そんなふうに考えると自分の文章の弱点も見えてくる。ブログのように始めも終わりもなく、どこを読み始めてもどこで終わってもいいような文章は割といくらでも書けるのだが、細部から全体まで一つのプリンシプルで貫かれた作品を作る力のようなものはまだ足りないなと思う。まあ文学賞というのは結局その力を見るためにあるのかもしれないなと思う。
まあ話が違う方にずれたが、私は幼稚園のころから計算は得意だったが、中学高校で英文法はからきしだめだった。これも小学生のころから変なオーラル英語でなくびしっと文法を一から教えてくれる人について勉強していたら抵抗なくいくらでもできるようになったのにと思うと本当に残念なのだけど、文章についてもしっかりとした構築力がある文章を書けるように指導してくれる人がいたら全然違ったなと思う。いや最後のものはさすがに求めること自体が困難だとは思うが。
というよりは、私は「地道な、意味のある練習」というものに飢えていたんだなと思う。入らざるを得なくて入った中学の部活は卓球部だったが、先生に教えられたことは一度もない。先輩にだって点数の数え方ぐらいだろうか。あとはただひたすら打ち合うだけ。いま思ったらひどい部活だ。先生が講堂(体育館はなかった。卓球部と剣道部が講堂を使っていた)に来ることはまずなかったのだから。
まあそういうわけで、私は自分が指導する立場になるときは本当にプリンシプルを愚直に徹底的にやることを勧める面倒な先生になっている。そして正直、それが一番効果が上がる。もともと「持っているもの」がかなり左右するのは確かなのだけど。
そういうわけで、私は「これをやらなければいけない」、たとえば小説を1000冊読む、とかが必要だ、というふうに思ったりすると元気が出て来るところがある。地道に、自分がやる気でやれば手が届く目標をもって、こつこつと積み上げて行くのは嫌いじゃない。計算とか文法とかと同じように自分で自分の文章をチェックし、直していく推敲も、実はけっこう好きだということは分かった。根本は同じなのだなと思う。
まあ思春期のことを書いていてもつい現在の課題に結び付いてしまうのは、けっこういまだに私自身が思春期を生きている部分があるからなんだろうと思う。つまり「価値観の定まらない時期」だ。それは鈴木敏夫も自分で言っている。

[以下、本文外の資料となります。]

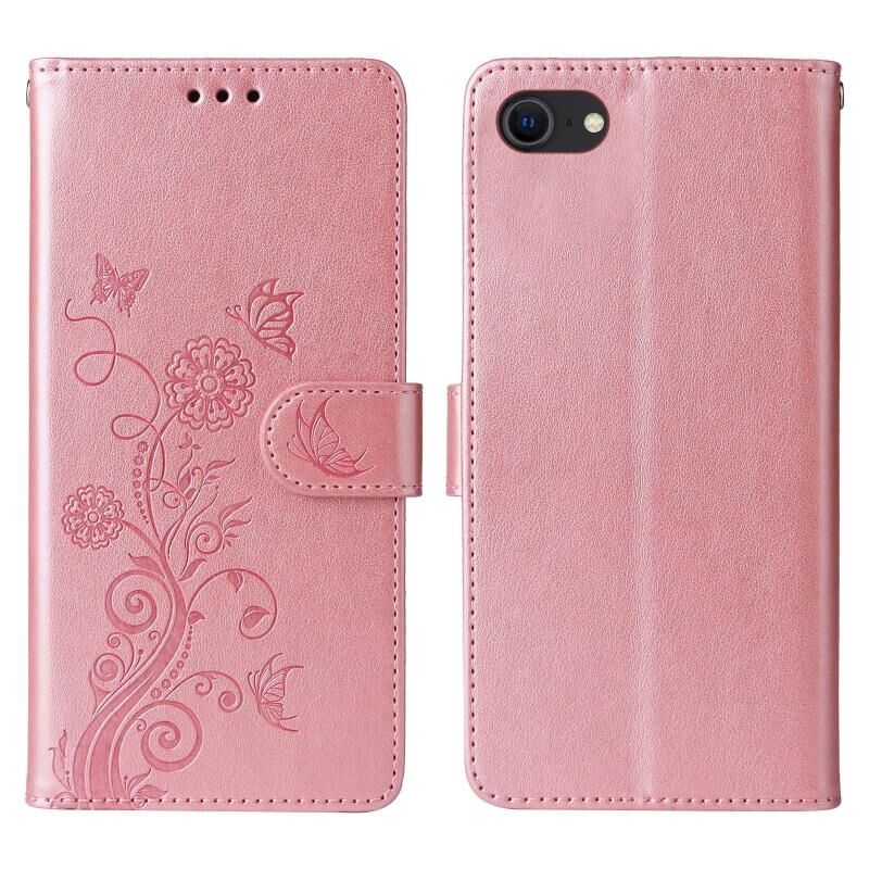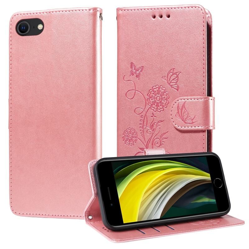 For iPhone 7 / 8 / SE 2022 Embossed Butterfly Flowers Leather Phone Case(Rose Gold)

いま思えば、私は中学生のころからアートとともに生きて行きたいと思っていたし、ファンタジーとともに生きて行きたいと思っていた。野口整体に邂逅した(その後最近までは断続的にしか関係はなかったが)のも中学生の時だったが、身体の中に宇宙があることを知った(そんな洒落た言葉で表現するのは今が初めてだが)。あとで気づいたことで言えば世界は自然に生かされていることもそのころに知ったと言っていいのだと思う。そして誰かに理解され、誰かを理解することをある意味断念したのも中学生のころだったし、そうであっても、またそうであるからこそ他の人間との関係が必要であることの、理解の萌芽も芽生え始めていたとは思う。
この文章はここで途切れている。